Приближались экзамены. В мыслях всё чаще и чаще вставал отец Александр, его тихое и злобное предупреждение: «Я тебя, басурман, не допущу до экзамена».

Мне страшно. Что, если я не выдержу экзамен по закону божию?

Я торопливо переметываю ненавистную мне книжку «Новый завет». Всматриваюсь в заголовки: «Нагорная проповедь», «Притча о мытаре и фарисее», «Воскрешение Лазаря». Мне трудно уместить в памяти все эти скучные рассказы.

Пришел Денисов. В руках его – толстая книга.

– Чего, Л-ленька, зубришь?

– Зубрю.

– Я в-вызу-уб-брил.

– Ответишь?

– Д-думаю… ув-важить дурака.

Он улыбнулся мне и сообщил:

– На лето п-пойду работать в депо.

– А я – в ковальню.

– В-в депо лучше.

– Чем?

– Т-там машина, п-паровозы.

Но Денисов сейчас тоже занят мыслью об экзаменах. Лицо его озабочено.

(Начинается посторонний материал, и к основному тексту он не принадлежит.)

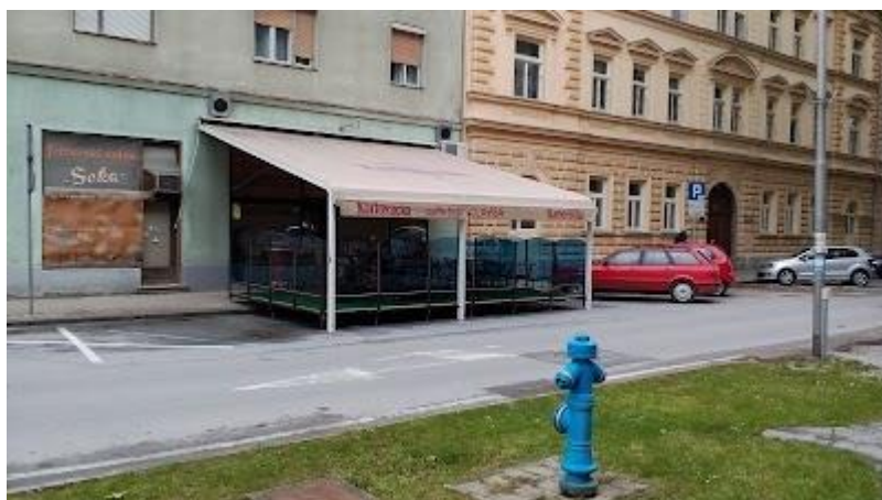
Slika br.3 Caffee bar Lavsa

– А я вот ч-чувствую, ч-что меня б-батька з-зарежет. У-хороший бы б-билет в-взять… – И решительно заявил: – Н-не выдержу эк-кза-амена – уеду.

– Куда?

– П-путешествовать. Вот, посмотри-ка э-эту книгу – «Таинственный остров» Жюль Верна. Ты н-не читал?… Пр-прочитай. Н-на воздушном шаре ул-летели… П-пять человек… У них т-тоже м-мальчишка, Г-герберт, бг-бг-был. Х-хороший. А-а с-собака Т-топ… Айда?! Д-до Черного м-моря зайцем д-доедем, а-а там – н-на корабль. Пойдем?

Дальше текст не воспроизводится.